World’s Largest iPhone Factory: Foxconn Offers Workers $1400 to Stop Rioting and Leave

In this photo provided Nov 23, 2022, security personnel in protective clothing were seen taking away a person during protest at the factory compound operated by Foxconn Technology Group who runs the world's biggest Apple iPhone factory in Zhengzhou in central China's Henan province. Employees at the world's biggest Apple …
Associated Press

Taiwan-based Foxconn spent the past month offering bonuses to employees willing to work at its massive factory in Zhengzhou, China, during a hellish coronavirus lockdown, but on Friday it offered $1400 bonuses to new recruits if they would agree to quit and go home.

Angry workers began holding violent demonstrations outside the factory on Wednesday, accusing the company of providing poor living conditions and breaking its wage and bonus commitments.

The South China Morning Post (SCMP) on Friday quoted a staff notice from Foxconn that offered 8,000 yuan (about $1,100) to newly-hired employees at the Zhengzhou facility if they would resign immediately, plus another 2,000 yuan ($300) if they actually climbed on a bus and went home. 

The notice, published on a Chinese platform called Cailanshe, described these payments as covering “lost salary, quarantine allowances, and miscellaneous items.”

“Some employees are still concerned about the coronavirus and hope to quit and return home, and the company deeply understands the concerns,” the notice said.

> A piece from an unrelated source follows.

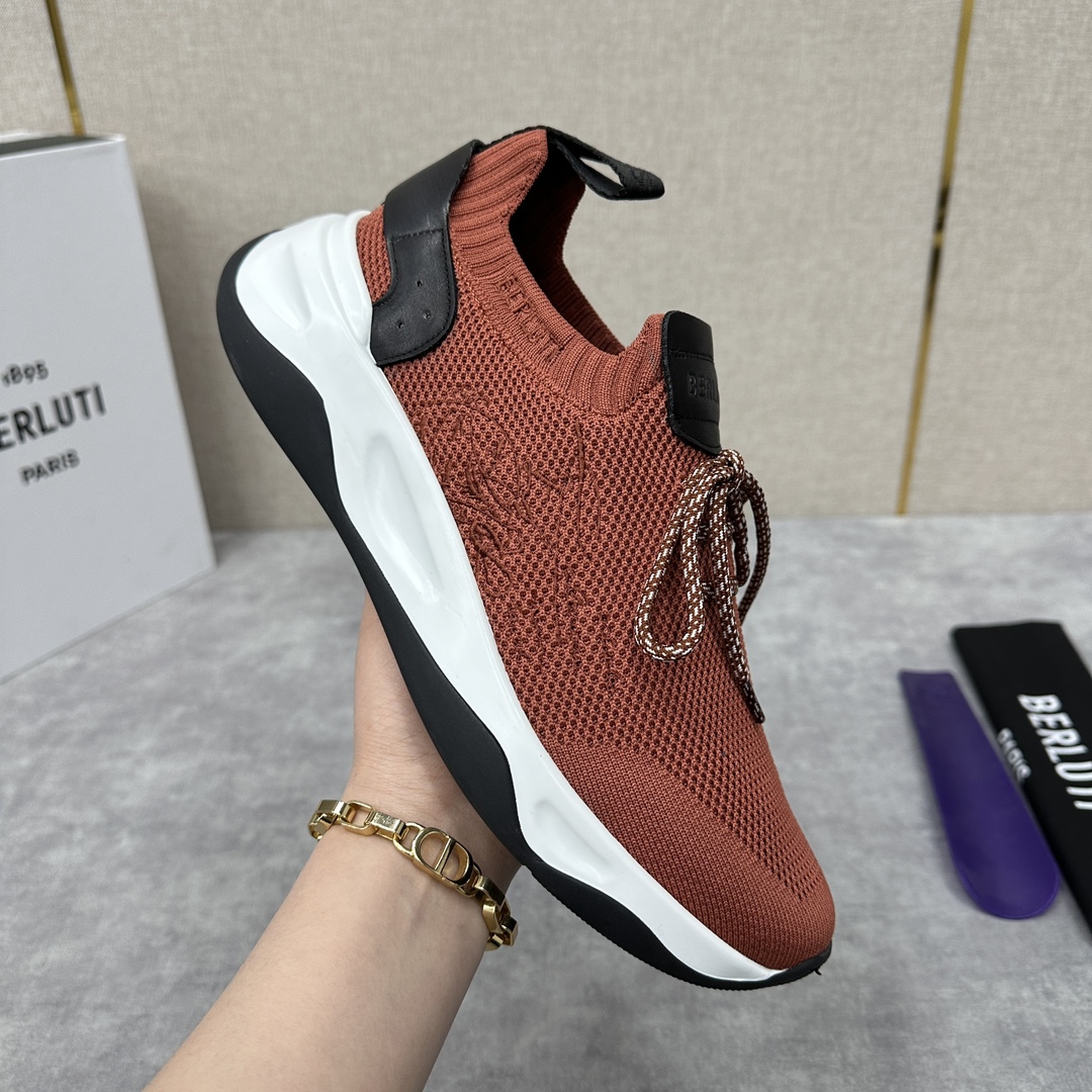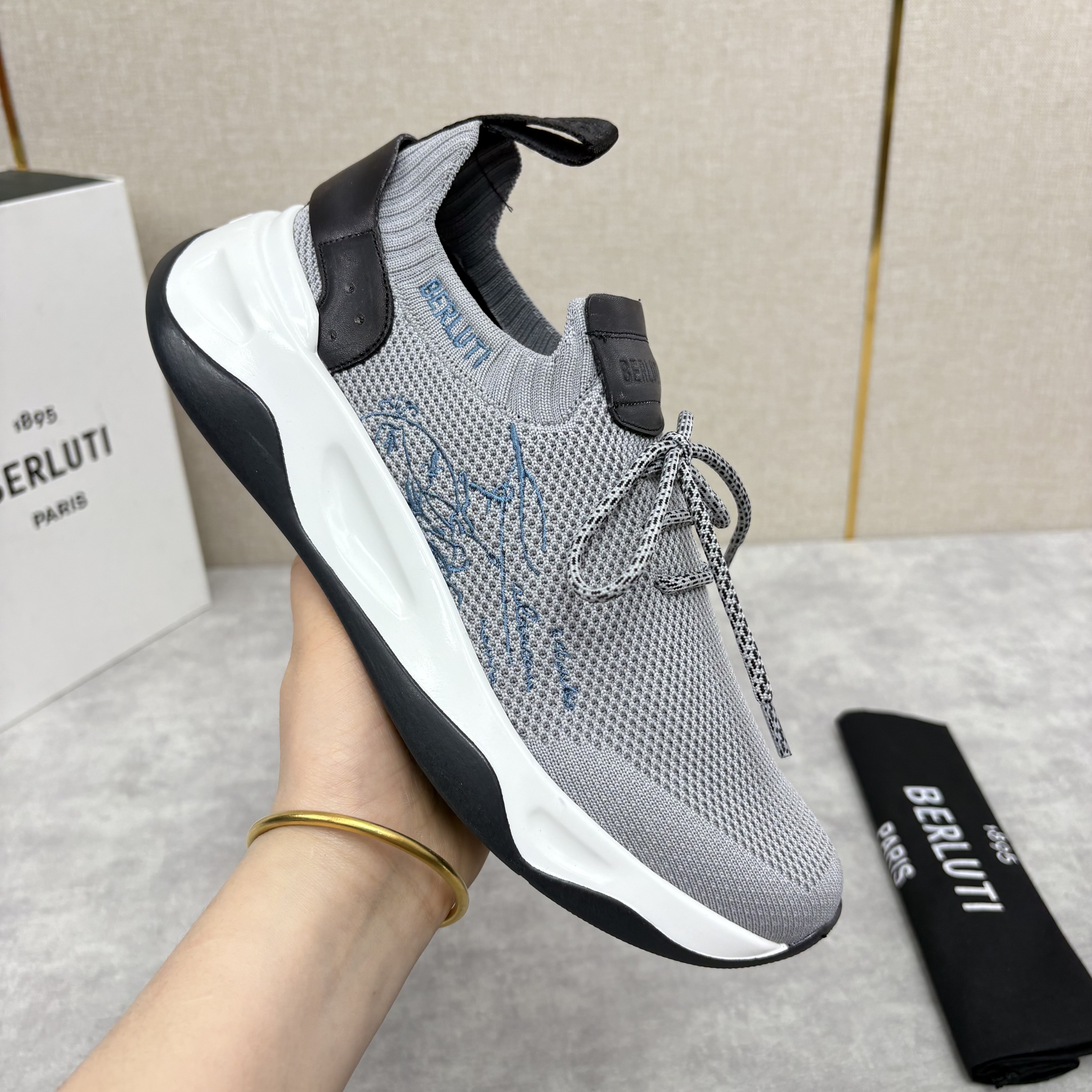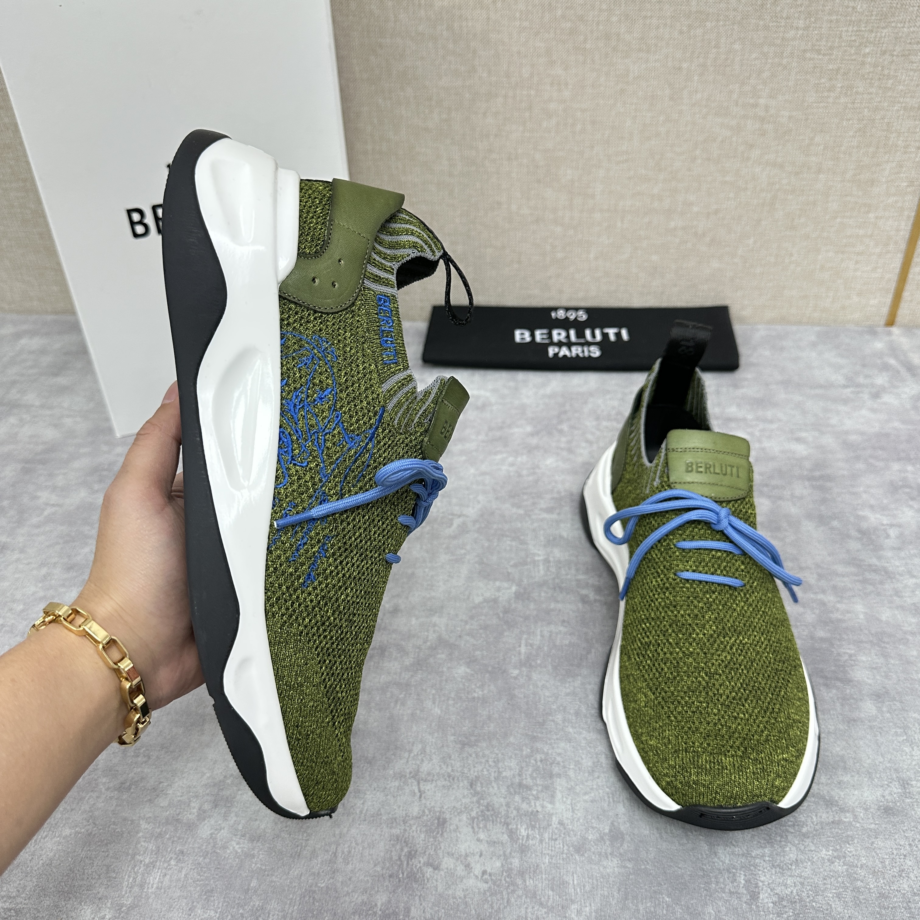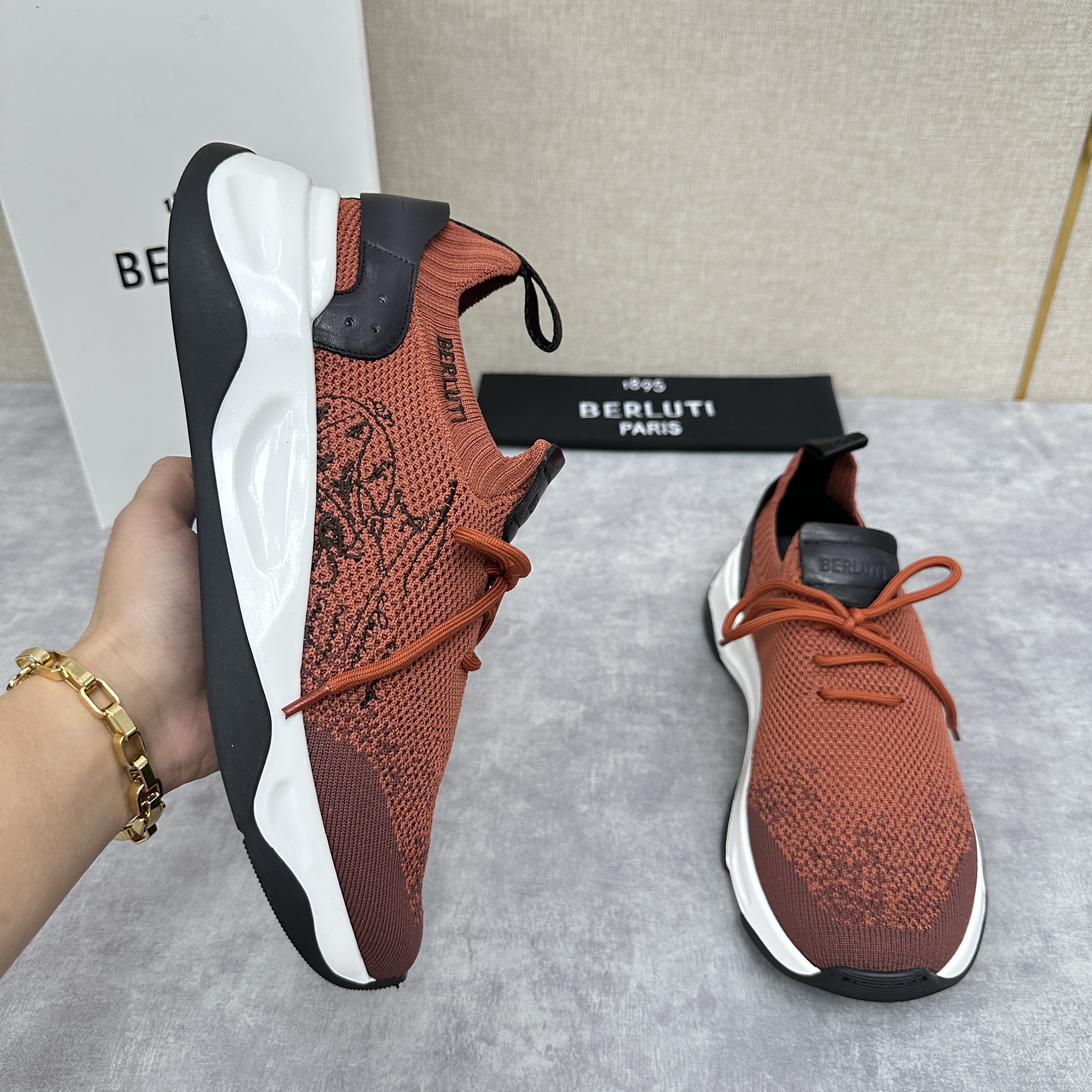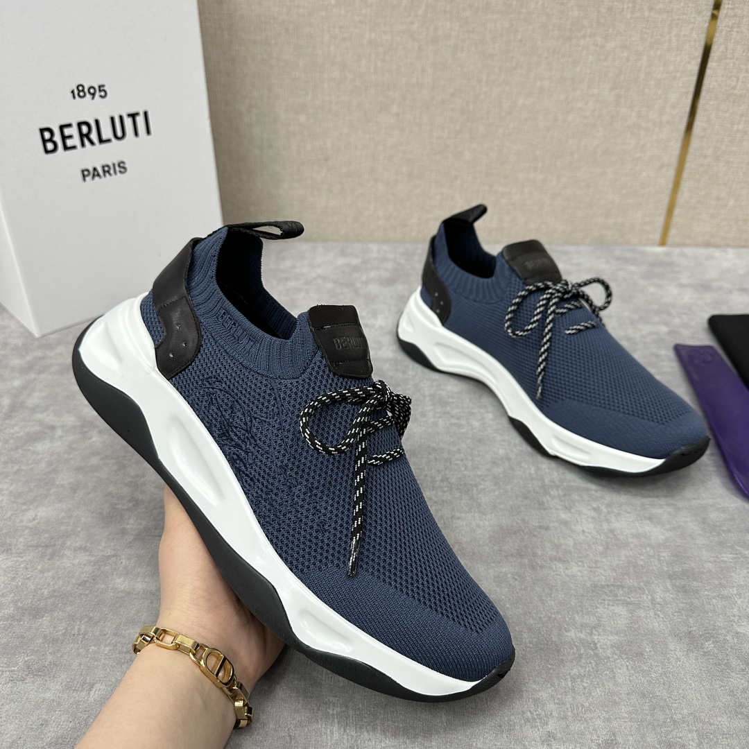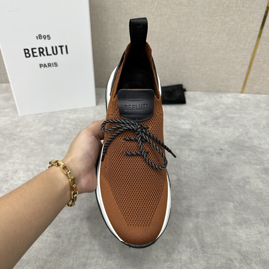Элегантные мужские кроссовки Berluti из текстиля — сочетание инновационного дизайна и непревзойдённого комфорта. Модель выполнена из мягкого и прочного трикотажного материала, который обеспечивает отличную вентиляцию и идеально облегает ногу. Легкая подошва из вспененного материала с амортизирующим эффектом снижает нагрузку при ходьбе, а стильные кожаные вставки добавляют роскошный акцент.

A video verified as authentic by Foxconn sources showed a group of protesting workers being told about the payout offer and instructed where to assemble to collect their money.

Foxconn workers began fleeing the locked-down factory at the beginning of November. Many of the departing migrant workers complained about poor living conditions inside the facility and said they were afraid of catching Chinese coronavirus because uninfected people were assigned dormitory space alongside workers who tested positive. Foxconn representatives constantly deny the latter allegation, but unhappy workers keep making it.

Faced with a dire shortage of labor at the immense Zhengzhou facility, Foxconn offered retention bonuses and salary increases for workers who remained, plus a “care and love pre-hiring bonus” for refugee employees willing to return. Ironically, these bonuses were far smaller than the payments Foxconn is now offering angry new recruits to go home. The re-hiring bonus for those who fled and returned was only 500 yuan, or about $70, for example.

Both company representatives and Chinese Communist Party officials insisted over the past two weeks that re-hiring was going smoothly and thousands of eager applicants were lining up for jobs, but they kept taking actions that belied these public statements. 

Last week, local officials at the veterans’ affairs bureau published an open letter asking for retired People’s Liberation Army (PLA) veterans to “answer the government’s call” and report for work at the Foxconn plant. The letter was deleted without explanation after it drew public attention, and it was unclear how many military veterans responded to the call.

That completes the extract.